*** Block opens ***

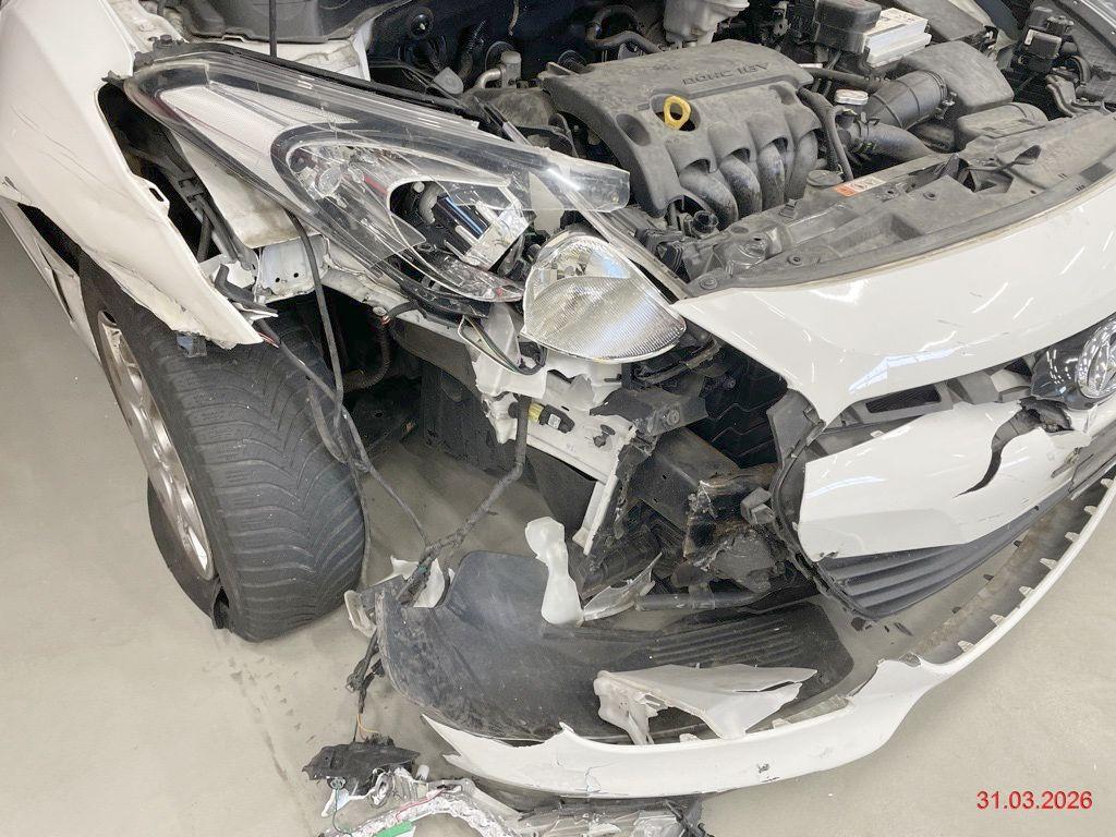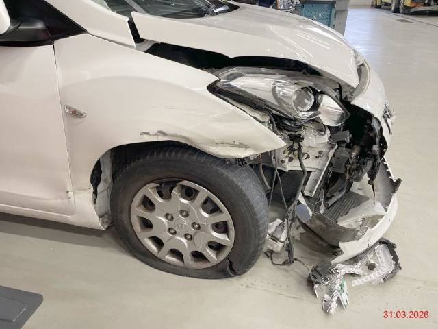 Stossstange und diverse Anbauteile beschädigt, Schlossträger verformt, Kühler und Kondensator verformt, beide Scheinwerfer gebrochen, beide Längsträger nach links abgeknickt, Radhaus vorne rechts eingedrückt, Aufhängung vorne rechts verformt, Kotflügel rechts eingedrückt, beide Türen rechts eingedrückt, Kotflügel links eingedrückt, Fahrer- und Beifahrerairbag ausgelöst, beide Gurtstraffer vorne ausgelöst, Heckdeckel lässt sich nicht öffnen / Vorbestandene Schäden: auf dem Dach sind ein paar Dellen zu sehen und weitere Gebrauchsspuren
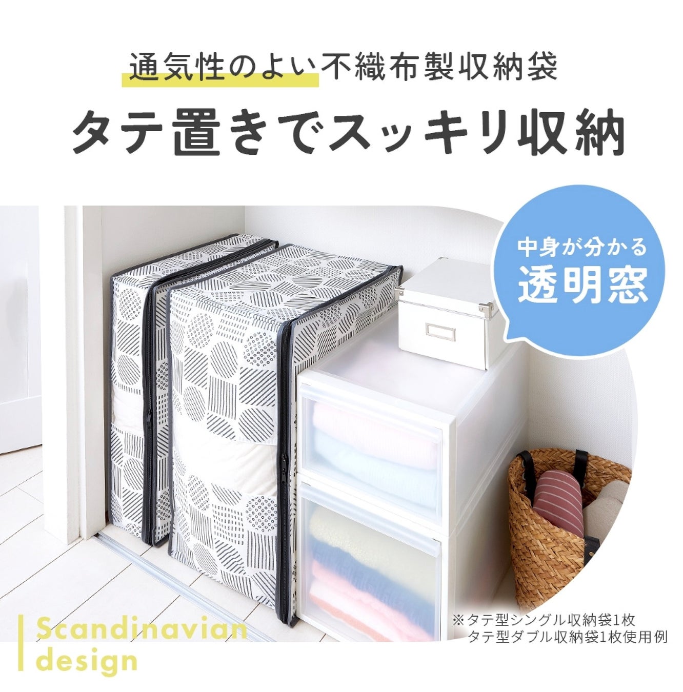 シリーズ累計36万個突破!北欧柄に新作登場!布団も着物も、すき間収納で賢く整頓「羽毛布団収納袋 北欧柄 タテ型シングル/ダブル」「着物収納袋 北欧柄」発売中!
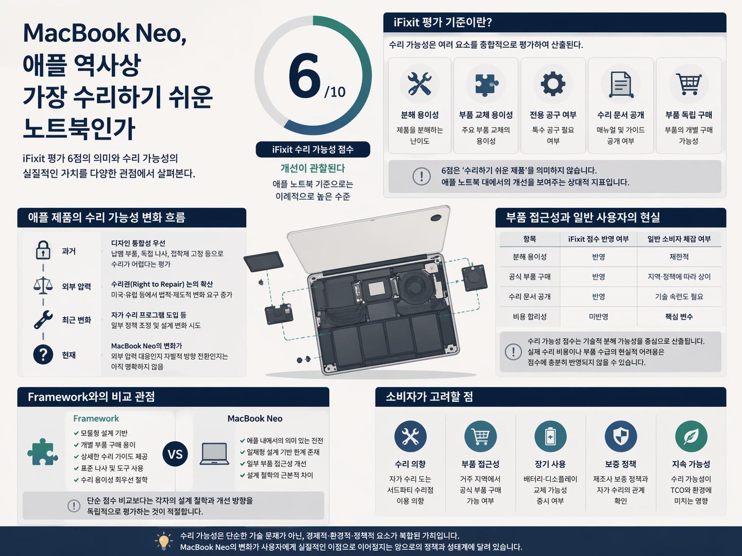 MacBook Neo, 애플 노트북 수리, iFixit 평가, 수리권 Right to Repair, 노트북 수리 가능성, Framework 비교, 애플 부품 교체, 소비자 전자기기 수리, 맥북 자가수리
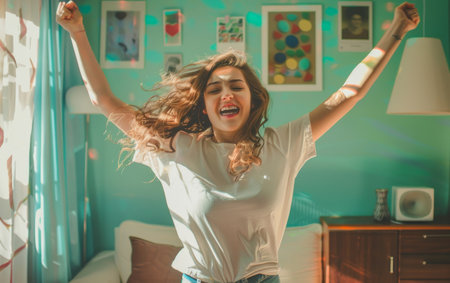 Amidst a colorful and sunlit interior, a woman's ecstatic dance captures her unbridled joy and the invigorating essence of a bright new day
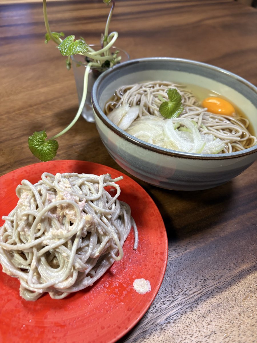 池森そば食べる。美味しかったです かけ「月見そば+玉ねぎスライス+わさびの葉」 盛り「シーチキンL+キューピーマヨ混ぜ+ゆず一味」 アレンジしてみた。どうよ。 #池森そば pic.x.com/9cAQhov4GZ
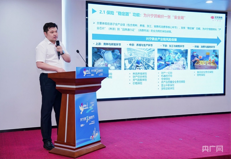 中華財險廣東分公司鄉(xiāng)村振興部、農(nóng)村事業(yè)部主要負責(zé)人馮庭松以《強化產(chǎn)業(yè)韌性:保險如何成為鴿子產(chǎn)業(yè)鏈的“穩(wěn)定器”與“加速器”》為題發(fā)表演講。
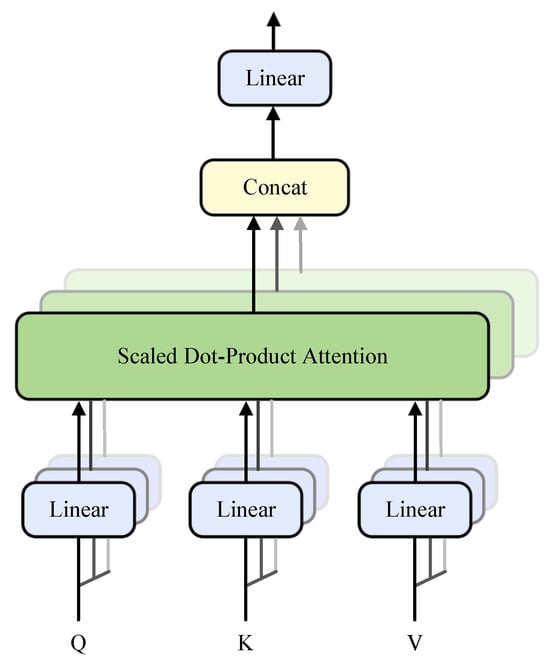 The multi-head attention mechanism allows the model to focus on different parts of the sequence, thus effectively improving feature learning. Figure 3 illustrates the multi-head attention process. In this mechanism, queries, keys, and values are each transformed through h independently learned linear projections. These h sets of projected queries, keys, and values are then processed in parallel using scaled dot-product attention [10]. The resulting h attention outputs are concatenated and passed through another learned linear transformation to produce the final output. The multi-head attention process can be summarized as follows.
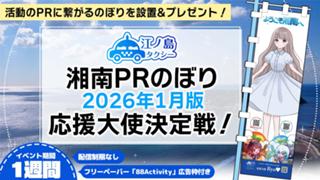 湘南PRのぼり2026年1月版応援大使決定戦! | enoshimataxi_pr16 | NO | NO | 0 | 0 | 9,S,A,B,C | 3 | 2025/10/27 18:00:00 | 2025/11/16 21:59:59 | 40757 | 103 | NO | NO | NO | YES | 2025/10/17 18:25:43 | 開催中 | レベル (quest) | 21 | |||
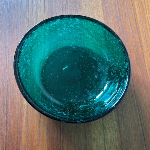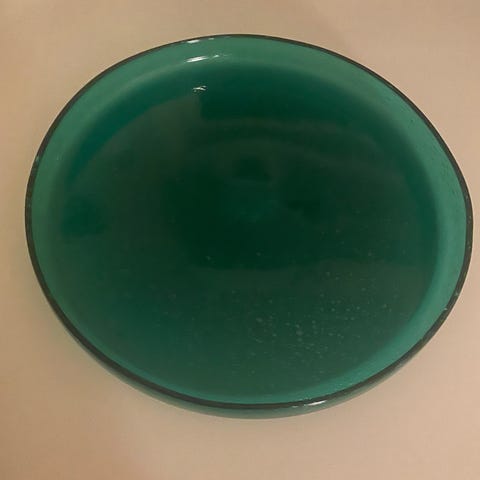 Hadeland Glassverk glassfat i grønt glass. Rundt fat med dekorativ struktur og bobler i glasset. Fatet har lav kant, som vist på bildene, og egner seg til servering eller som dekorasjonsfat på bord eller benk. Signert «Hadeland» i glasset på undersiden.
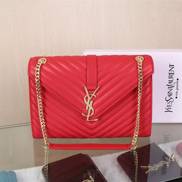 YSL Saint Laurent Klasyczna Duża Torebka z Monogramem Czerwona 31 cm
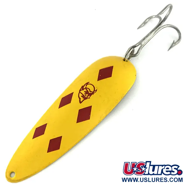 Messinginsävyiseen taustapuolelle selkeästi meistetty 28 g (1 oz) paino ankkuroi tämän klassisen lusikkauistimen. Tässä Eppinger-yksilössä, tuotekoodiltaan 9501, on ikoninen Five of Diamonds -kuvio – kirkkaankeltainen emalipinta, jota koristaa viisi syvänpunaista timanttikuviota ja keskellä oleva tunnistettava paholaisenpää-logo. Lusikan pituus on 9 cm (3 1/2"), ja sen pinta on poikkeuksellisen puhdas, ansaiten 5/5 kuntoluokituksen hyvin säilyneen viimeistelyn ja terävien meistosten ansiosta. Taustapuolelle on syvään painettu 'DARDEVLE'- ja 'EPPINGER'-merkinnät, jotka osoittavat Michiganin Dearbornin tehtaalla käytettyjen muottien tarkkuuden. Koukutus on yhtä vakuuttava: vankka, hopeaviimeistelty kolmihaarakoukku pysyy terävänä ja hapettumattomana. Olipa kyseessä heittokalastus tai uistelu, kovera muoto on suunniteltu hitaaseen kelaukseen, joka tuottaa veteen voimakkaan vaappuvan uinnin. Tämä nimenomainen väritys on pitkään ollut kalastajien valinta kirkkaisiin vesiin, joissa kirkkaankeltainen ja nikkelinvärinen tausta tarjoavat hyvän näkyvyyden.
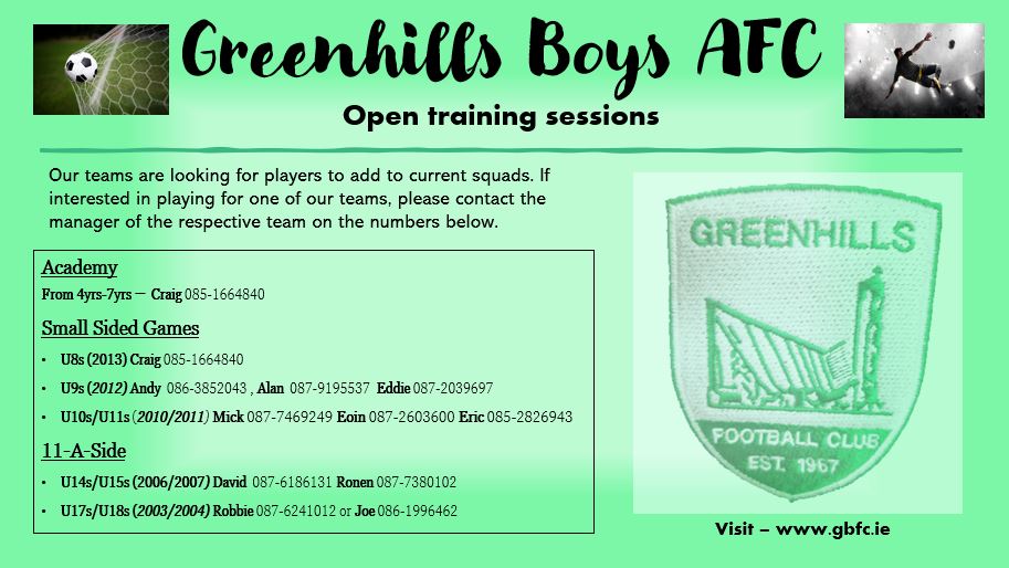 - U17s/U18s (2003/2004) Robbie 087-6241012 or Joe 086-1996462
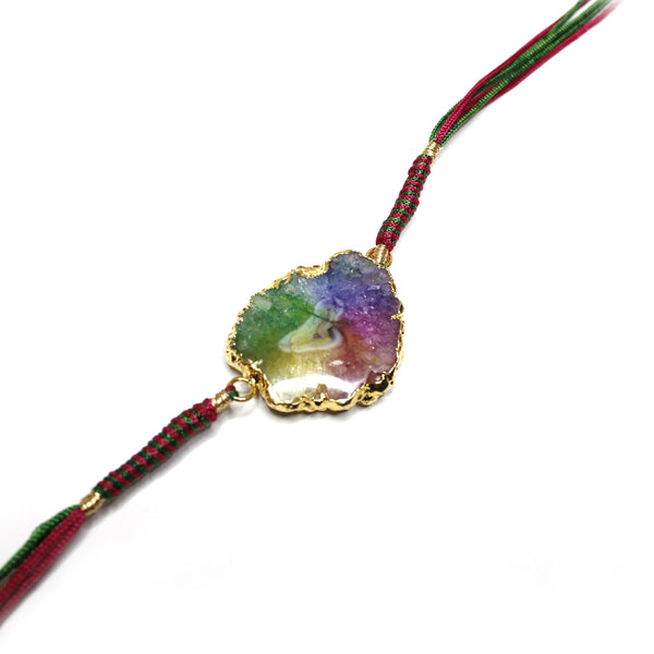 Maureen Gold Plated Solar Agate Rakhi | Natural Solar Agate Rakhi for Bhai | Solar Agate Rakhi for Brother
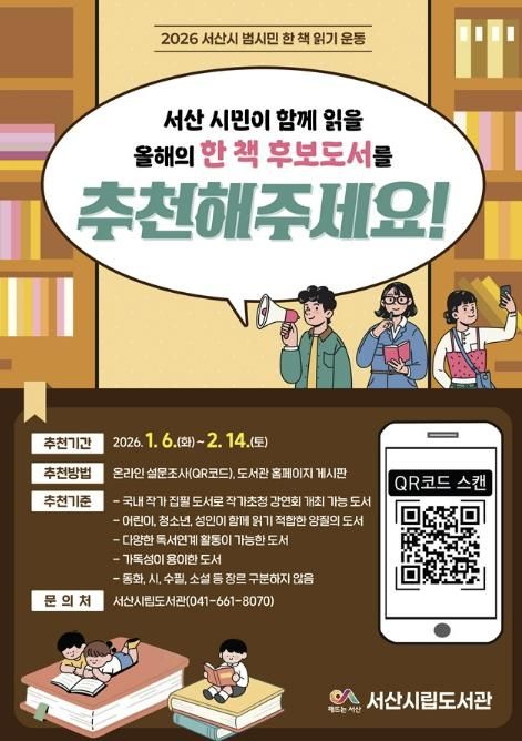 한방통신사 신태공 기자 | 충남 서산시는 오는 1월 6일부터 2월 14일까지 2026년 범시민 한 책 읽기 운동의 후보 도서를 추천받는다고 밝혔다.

*** Block closes ***

Could you return all the entries exactly as they appear, minus the pictures?

### EXERCISE OUTPUT:
 Stossstange und diverse Anbauteile beschädigt, Schlossträger verformt, Kühler und Kondensator verformt, beide Scheinwerfer gebrochen, beide Längsträger nach links abgeknickt, Radhaus vorne rechts eingedrückt, Aufhängung vorne rechts verformt, Kotflügel rechts eingedrückt, beide Türen rechts eingedrückt, Kotflügel links eingedrückt, Fahrer- und Beifahrerairbag ausgelöst, beide Gurtstraffer vorne ausgelöst, Heckdeckel lässt sich nicht öffnen / Vorbestandene Schäden: auf dem Dach sind ein paar Dellen zu sehen und weitere Gebrauchsspuren
 シリーズ累計36万個突破!北欧柄に新作登場!布団も着物も、すき間収納で賢く整頓「羽毛布団収納袋 北欧柄 タテ型シングル/ダブル」「着物収納袋 北欧柄」発売中!
 MacBook Neo, 애플 노트북 수리, iFixit 평가, 수리권 Right to Repair, 노트북 수리 가능성, Framework 비교, 애플 부품 교체, 소비자 전자기기 수리, 맥북 자가수리
 Amidst a colorful and sunlit interior, a woman's ecstatic dance captures her unbridled joy and the invigorating essence of a bright new day
 池森そば食べる。美味しかったです かけ「月見そば+玉ねぎスライス+わさびの葉」 盛り「シーチキンL+キューピーマヨ混ぜ+ゆず一味」 アレンジしてみた。どうよ。 #池森そば pic.x.com/9cAQhov4GZ
 中華財險廣東分公司鄉(xiāng)村振興部、農(nóng)村事業(yè)部主要負責(zé)人馮庭松以《強化產(chǎn)業(yè)韌性:保險如何成為鴿子產(chǎn)業(yè)鏈的“穩(wěn)定器”與“加速器”》為題發(fā)表演講。
 The multi-head attention mechanism allows the model to focus on different parts of the sequence, thus effectively improving feature learning. Figure 3 illustrates the multi-head attention process. In this mechanism, queries, keys, and values are each transformed through h independently learned linear projections. These h sets of projected queries, keys, and values are then processed in parallel using scaled dot-product attention [10]. The resulting h attention outputs are concatenated and passed through another learned linear transformation to produce the final output. The multi-head attention process can be summarized as follows.
 湘南PRのぼり2026年1月版応援大使決定戦! | enoshimataxi_pr16 | NO | NO | 0 | 0 | 9,S,A,B,C | 3 | 2025/10/27 18:00:00 | 2025/11/16 21:59:59 | 40757 | 103 | NO | NO | NO | YES | 2025/10/17 18:25:43 | 開催中 | レベル (quest) | 21 | |||
 Hadeland Glassverk glassfat i grønt glass. Rundt fat med dekorativ struktur og bobler i glasset. Fatet har lav kant, som vist på bildene, og egner seg til servering eller som dekorasjonsfat på bord eller benk. Signert «Hadeland» i glasset på undersiden.
 YSL Saint Laurent Klasyczna Duża Torebka z Monogramem Czerwona 31 cm
 Messinginsävyiseen taustapuolelle selkeästi meistetty 28 g (1 oz) paino ankkuroi tämän klassisen lusikkauistimen. Tässä Eppinger-yksilössä, tuotekoodiltaan 9501, on ikoninen Five of Diamonds -kuvio – kirkkaankeltainen emalipinta, jota koristaa viisi syvänpunaista timanttikuviota ja keskellä oleva tunnistettava paholaisenpää-logo. Lusikan pituus on 9 cm (3 1/2"), ja sen pinta on poikkeuksellisen puhdas, ansaiten 5/5 kuntoluokituksen hyvin säilyneen viimeistelyn ja terävien meistosten ansiosta. Taustapuolelle on syvään painettu 'DARDEVLE'- ja 'EPPINGER'-merkinnät, jotka osoittavat Michiganin Dearbornin tehtaalla käytettyjen muottien tarkkuuden. Koukutus on yhtä vakuuttava: vankka, hopeaviimeistelty kolmihaarakoukku pysyy terävänä ja hapettumattomana. Olipa kyseessä heittokalastus tai uistelu, kovera muoto on suunniteltu hitaaseen kelaukseen, joka tuottaa veteen voimakkaan vaappuvan uinnin. Tämä nimenomainen väritys on pitkään ollut kalastajien valinta kirkkaisiin vesiin, joissa kirkkaankeltainen ja nikkelinvärinen tausta tarjoavat hyvän näkyvyyden.
 - U17s/U18s (2003/2004) Robbie 087-6241012 or Joe 086-1996462
 Maureen Gold Plated Solar Agate Rakhi | Natural Solar Agate Rakhi for Bhai | Solar Agate Rakhi for Brother
 한방통신사 신태공 기자 | 충남 서산시는 오는 1월 6일부터 2월 14일까지 2026년 범시민 한 책 읽기 운동의 후보 도서를 추천받는다고 밝혔다.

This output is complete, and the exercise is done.